4) Because of 2) and 3) financial institutions buy safe bonds no matter how costly they are and are unable/unwilling to use liquidity to invest in risky projects, BECAUSE there is not enough capital going around banks to cover the risk of such projects.

5) In the resulting equilibrium, there is excess demand for the safe bonds, their return goes negative and lots of short term liquidity is kept hidle BECAUSE banks do not have enough equities to support a portfolio long on risky, private sector investments.

The latter go hungry and QE is part of the problem. Amen. 

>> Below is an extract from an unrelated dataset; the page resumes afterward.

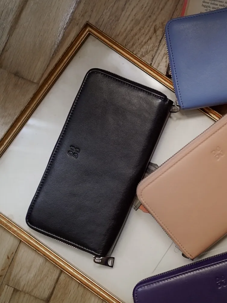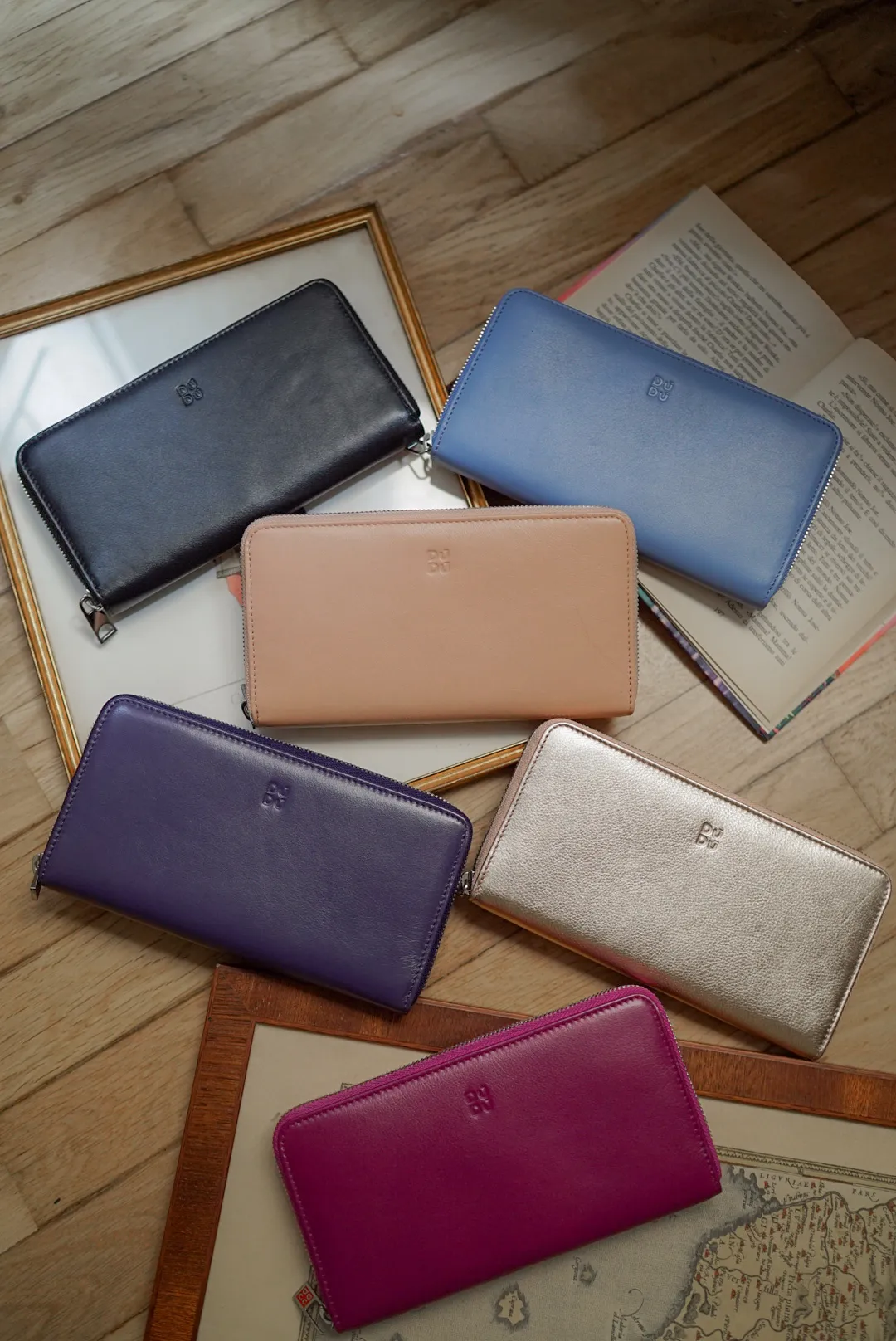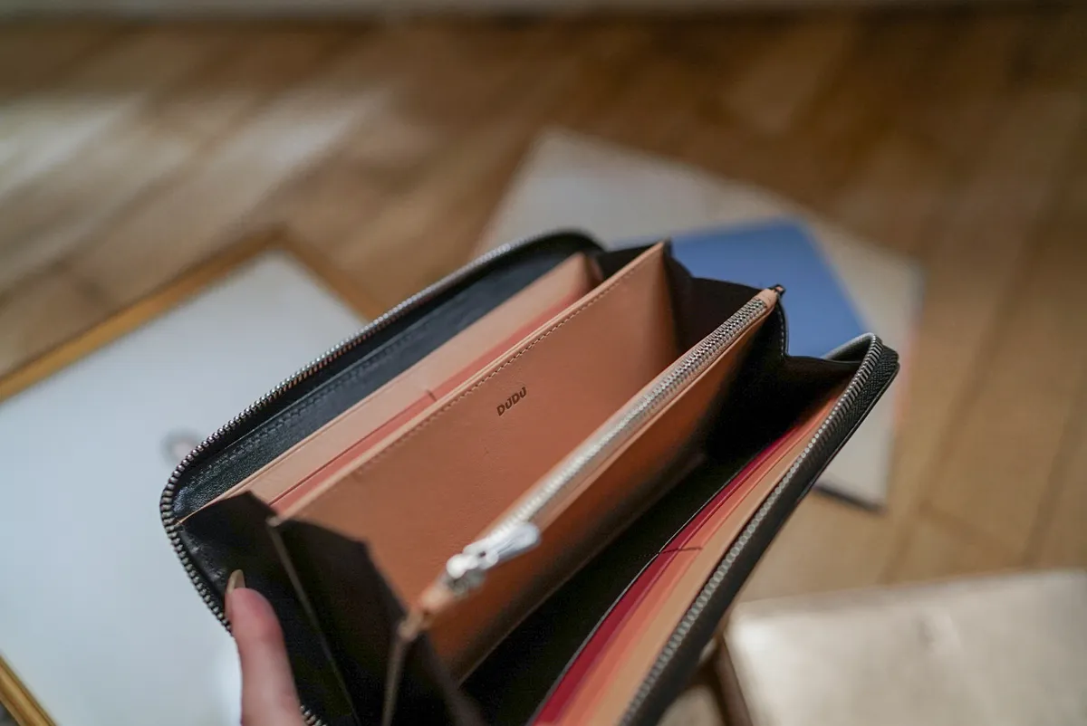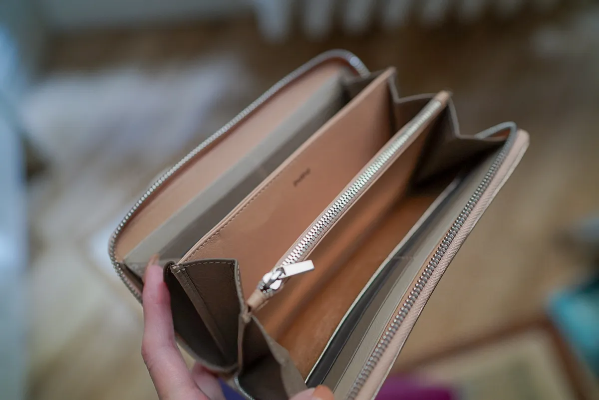 T182威尼斯品牌拉鍊長夾 黑 淺藍 乾燥玫瑰 紫 玫瑰金 桃粉 葡萄紫(新色) 材質:小牛皮 尺寸(閉合):19 x 11 x 2.5 cm 重量:180公克 組成:12 個信用卡口袋、1 個帶拉鍊的零錢包和 3 個分層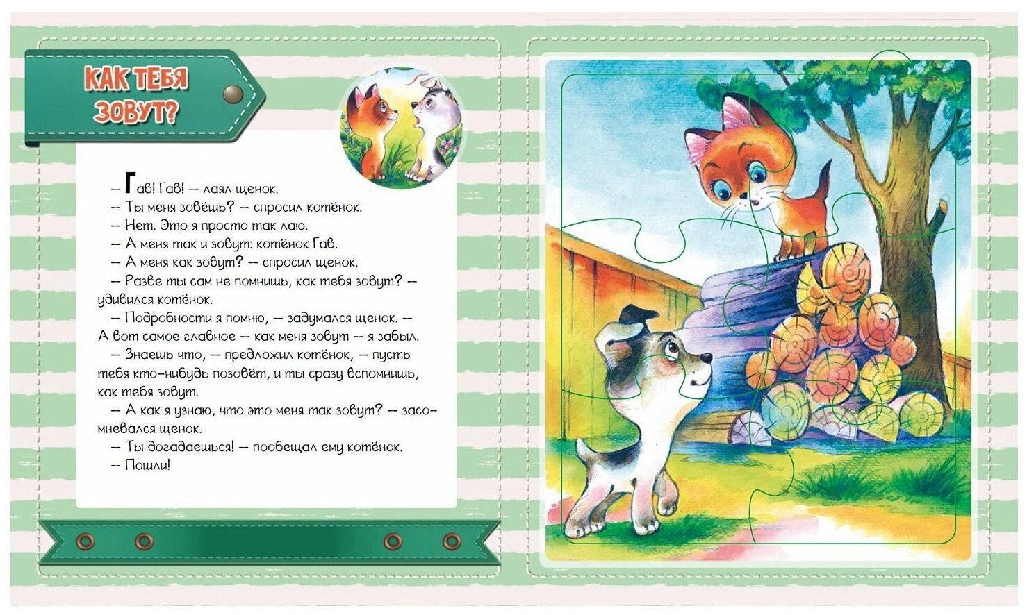 В этой книге вы найдете не только известную и любимую многими поколениями родителей историю Г. Остера про Котенка Гава "Как тебя зовут?", но также яркие иллюстрации, пазл из 6 частей на каждой странице для развития мелкой моторики и внимания, удобный замочек с ручкой, благодаря которым книгу будет удобно взять с собой в дорогу и поиграть с ребенком.

Your risk, if you are a Life Insurance Company(for example) it's called "RISCHIO DI REINVESTIMENTO". Ti trovi con ricche plusvalenze(in valore nominale) che sfrutti(vendendo) per impieghi diversi(rimborsi anticipati ad esempio) ma con l'impossibilità di reinvestire (a parità di rating pregresso e rendimento pregresso) in assets che ti garantiscono la possibilità di onorare quanto promesso alla clientela. E devi assumerti rischi maggiori. Se chiedi ad un assicuratore tedesco cosa pensa di quanto sopra ti risponderà che è un problema serio..molto serio. Problema che siamo vicini ad affrontare imho poichè non vedo effetti significativi dal lancio del QE. Un reale rischio sistemico generato dall'antibiotico QE che dovrebbe, nelle intenzioni originarie, debellarlo.

Ho scritto in italiano perchè non conosco l'inglese. Mi scuso.

Question: How much liquidity and short term liabilities are around the world (m1+M2) ?

Third part is on line

Germany did it.

It reminds me two alphaville posts. here and here. 

ok  it reminds me Blame Canada too but I suppose it has a connection with the political debate here in Italy.